Authors Maskey N, Thapa N, Maharjan M, Shrestha G, Maharjan N, Cai H, Liu S

Received 27 May 2019

Accepted for publication 23 July 2019

Published 14 August 2019 Volume 2019:11 Pages 7647—7655

DOI https://doi.org/10.2147/CMAR.S217264

Checked for plagiarism Yes

Review by Single-blind

Peer reviewers approved by Dr Amy Norman

Peer reviewer comments 2

Editor who approved publication: Dr Teng


Ninu Maskey,1 Niresh Thapa,2,3 Muna Maharjan,4 Girishma Shrestha,5 Narayani Maharjan,6 Hongbing Cai,2 Shangqin Liu1

1Department of Hematology, Zhongnan Hospital of Wuhan University, Wuchang, Wuhan, Hubei 430071, People’s Republic of China; 2Department of Gynecological Oncology, Zhongnan Hospital of Wuhan University, Hubei Cancer Clinical Study Center, Hubei Key Laboratory of Tumor Biological Behaviors, Wuhan 430071, People’s Republic of China; 3Karnali Academy of Health Sciences, Jumla, Nepal; 4Zhongnan Hospital of Wuhan University, Hope School of Nursing, Wuhan, Hubei, People’s Republic of China; 5Department of Pathology, Patan Hospital, Patan Academy of Health Sciences, Kathmandu, Nepal; 6Department of Clinical Laboratory Science, Zhongnan Hospital of Wuhan University, Wuhan, Hubei, People’s Republic of China

Purpose: Tumor infiltrating lymphocytes (TILs) have been extensively described in anti-tumor immunity, but their functional alterations in the immunoediting processes during neoplastic progression in the uterine cervix are still not clear.

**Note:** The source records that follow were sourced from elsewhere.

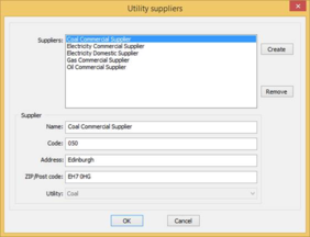 This window allows the user to manage the suppliers for any utility and at least one supplier is needed in order to create tariffs.
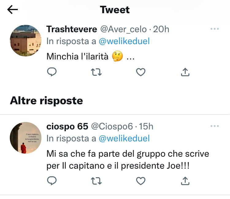 Il tweet meritevole, almeno secondo la redazione di Propaganda, di essere citato giocava sulle voci di chiusura di Twitter e al tempo stesso strizzava l’occhio in maniera bonaria (lo hanno capito anche i diretti interessati visto che mi hanno messo al primo posto) al modus operandi degli autori che prendendo molto materiale da Twitter rischierebbero di restare senza spunto e di doversi mettere a lavorare sul serio.
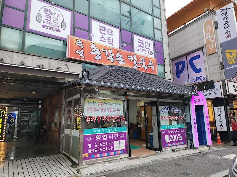 오후 4시 30분, 해가 뉘엿뉘엿 기울어가는 시간. 식당 앞에 도착했을 때, 예상외로 많은 사람들로 북적였다. 웨이팅이 없어 다행이었지만, 거의 만석에 가까운 모습이었다. 식당 입구, 세월의 흔적이 느껴지는 간판이 오랜 역사를 말해주는 듯했다. 붉은색 바탕에 큼지막하게 쓰인 ‘총각손칼국수’라는 글자가 눈에 확 들어왔다. 간판 옆으로는 코인 노래방 간판이 함께 붙어 있어 독특한 분위기를 자아냈다. 마치 시간이 멈춘 듯한 풍경 속에서, 나는 묘한 기대감을 느꼈다.

Our aim was to gain insight into cervical tissue T cell populations, determine if there are any differences in the localization and quantity distribution of T lymphocytes, and to evaluate their role in disease regression or progression in the cervical neoplastic milieu.
Patients and methods: Serial section analysis of immunohistochemically stained CD4 and CD8 lymphocytes was performed on a total number of 72 samples, categorized into four cohorts: 23 HPV non-infected (HPV-) normal cervix, 20 HPV infected (HPV+) normal cervix, 17 HPV+ low grade cervical intraepithelial neoplasia (CIN), and 12 HPV+ high grade CIN.
Results: Low infiltrating lymphocytes (ILs) in normal cervix and high ILs in CIN were observed, while the trend of ILs increased with increasing grade of CIN, which was statistically significant (P<0.0001). Quantitative and localization analysis between the subsets of T cells showed that, in the epithelial layer, infiltrating CD8+ lymphocytes (CD8+ILs) were significantly higher than CD4+ILs in HPV+ normal cervix, while the trend decreased with increasing grade of CIN (P=0.011). Whereas, in the stromal layer, CD4+ILs were predominant in all study groups and no statistical difference was found between these groups. However, tumor infiltrating CD8+ lymphocytes (CD8+TILs) were noted to be significantly higher than CD4+TILs in severe dysplastic cases.
Conclusion: T cell infiltrates were predominant as the grade of the lesion progressed into more advanced lesions, which likely represent the lesions that have persisted over time. The variation in the infiltration rate and the location of CD4+ILs and CD8ILs may suggest the efficacious role of CD8 T cells in eliminating HPV infected cervical epithelial cells and also provides insight into the complex role of TILs in facilitating and mediating sustained anti-tumor responses, hence preventing tumor outgrowth.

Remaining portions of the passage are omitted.